In 2004, Eastman Kodak, AT&T and International Paper were dropped from the elite roster of 30 corporate giants. Verizon, Pfizer and insurer American International Group replaced them.
The three companies dropped have performed much better than those added. In fact, disappointing earnings from AIG were a big reason the Dow dropped so much Thursday.
Had no changes been made, the index likely would have already hit a new high, according to an analysis done for The Denver Post by Dow Jones & Co., which publishes The Wall Street Journal.
Had the original companies stayed in, the Dow would have hit 11,822.29 on May 5, breaking the old high, and set another new high Tuesday. There is an asterisk, however: It’s impossible to precisely calculate the performance of the old AT&T in the present day because it merged with SBC in November.
John Prestbo, The Journal’s markets editor, said changes made to the 110-year-old Dow index reflect shifts in the larger economy and the stock market. They aren’t made to boost performance.
“You only have 30 slots, so you have to be finicky,” he said.
International Paper, a basic- materials company, was in a sector whose importance had shrunk. AT&T, before the SBC merger, was removed because it had become a shadow of itself.
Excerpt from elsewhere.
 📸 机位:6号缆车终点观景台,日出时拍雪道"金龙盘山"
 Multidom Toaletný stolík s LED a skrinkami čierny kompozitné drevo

“It wasn’t holding up the telecom sector,” he said.
Eastman Kodak was ousted because the Dow had become “too heavy in consumer goods,” Prestbo said.
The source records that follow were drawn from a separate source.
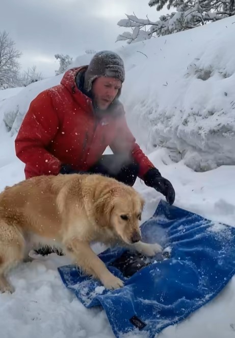 Leaving the vehicle in such weather was risky, but the rescuer sensed the animal was not simply lost. The dog seemed to be leading him somewhere.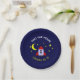 Este querido Dois O prato de aniversário da Lua é perfeito para uma festa de segundo aniversário para um menino ou uma menina. Ele apresenta um pequeno foguete voando para a lua e estrelas.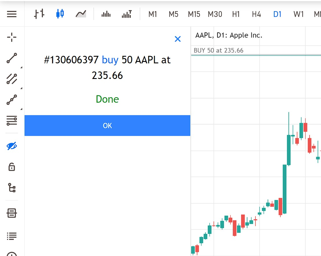 In the screenshot above, we’ve called up the AAPL price chart in preparation to make a trade.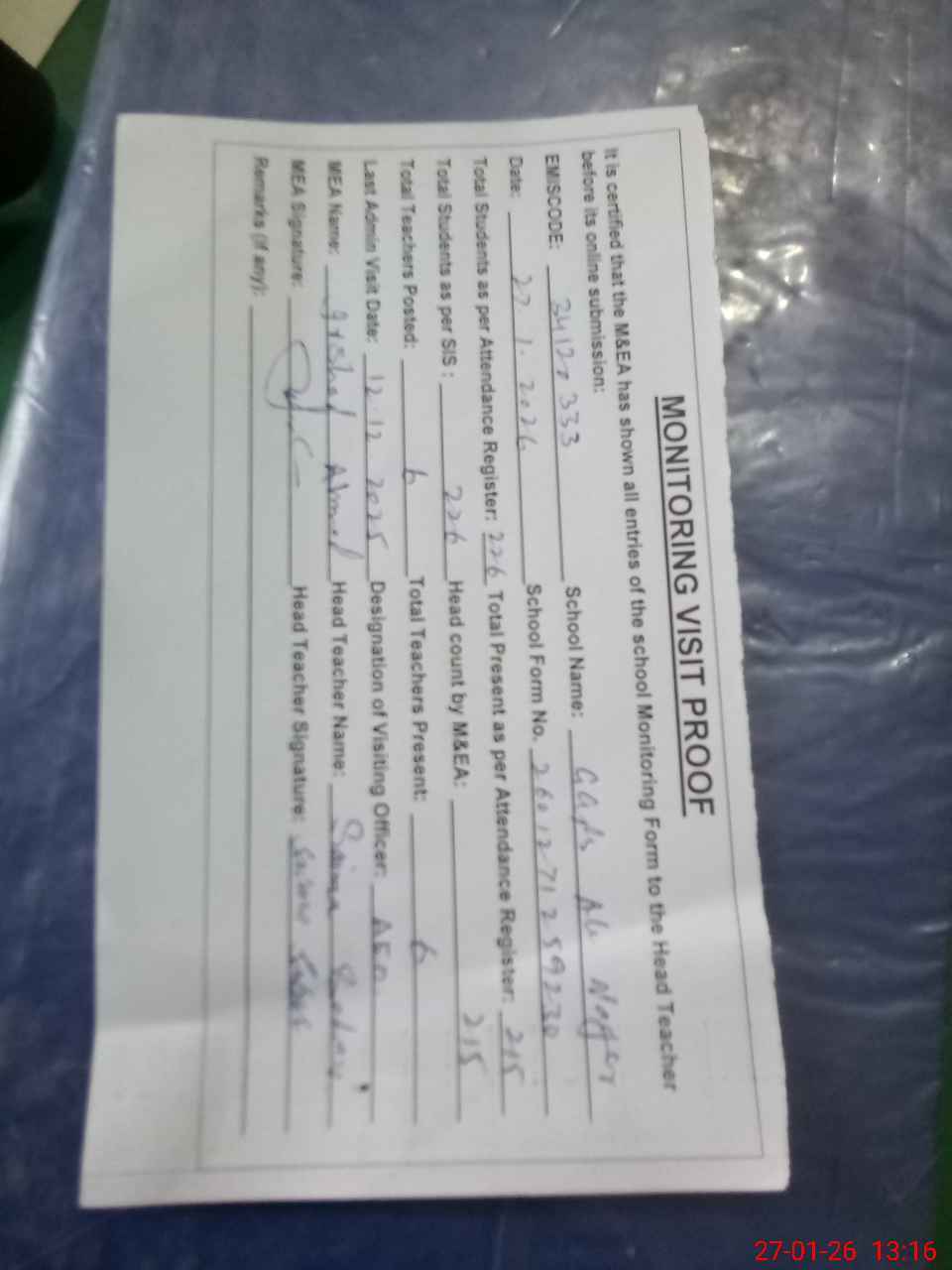 | EMIS Code: 34120333 | Name of School: GGPS ALI NAGAR | |||

Why does it matter if the Dow hits a new high?
“Psychologically, it means that investors are whole again,” Prestbo said. “We are approaching the all-time high on more solid ground. We have strong economic growth, and that is carrying us now.”
A rising Dow would indicate support for large-cap U.S. stocks, which smaller companies and foreign stocks have trumped in recent years.
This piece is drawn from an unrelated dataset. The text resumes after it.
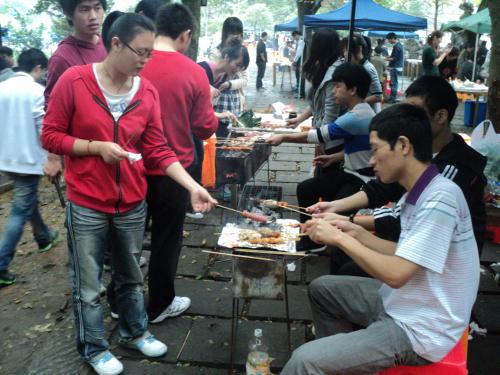 到达烧烤地点我们马上开始行动,男生们整理桌子和烤炉,女生们洗菜,分工明确,动作特快,可能是大家饿了吧,走了那么长时间的路,对于我这些整天泡寝室或图书馆的学生,也算是一个马拉松了。烧烤开始了,里脊肉、鸡翅、贡丸、玉米、紫薯,气中弥漫着食物的诱惑,这时,一个个饥肠辘辘的我们,谁还能抵挡得住,都开始大吃特吃,举杯畅饮。这才是一个集体。经过大家的一番“扫荡”后,颗粒无剩,一片狼藉……此时,活跃分子喊了“三国杀、斗地主搞起来了“,最后的棋牌大战更是将活动推向高潮,斗地主,三国杀……欢笑声此起彼伏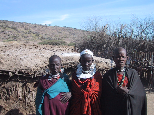 We left Ngorongoro and the environment changed as soon as we descended from our campsite. We're definitely heading toward the Serengeti during the dry season. The roads became dusty and dry, the green trees and leaves disappeared and were replaced by dry plains and an occasional tree. We stopped by a Maasai village to get some culture.

A new high is also important to followers of what is known as “the Dow Theory.”
When the Dow Jones transportation average and the Dow industrials both hit new highs, it reflects strength in the nation’s industrial core, said Phil Dow, director of equity strategy with RBC Dain Rauscher in Minneapolis.
Highs in both averages have historically lent support for a continued advance in stocks.
“Last year, everybody laughed at the Dow. They thought it was dead,” said RBC’s Dow. “It would be very powerful for the Dow to hit a new high.”
Not all market watchers consider it that important, however.
“We caution against reading too much into it, against pulling out the party hats,” said Brad Sorensen, a senior sector analyst with the Schwab Center for Investment Research in Denver.
For one, the 30 companies in the Dow represent only a slice of the total U.S. stock market. Unlike the S&P 500 index, the Dow index is used by few money managers and index-fund investors as a benchmark.
The Dow never fell as far as the S&P 500 and Nasdaq composite during the downturn of 2000 to 2002, so it didn’t have as far to crawl back. That said, many investors may not appreciate how far U.S. stock markets have come back, Sorensen said.
“It gives people some comfort that the Dow is leading the charge,” he said. “It has been a nice, slow, steady run.”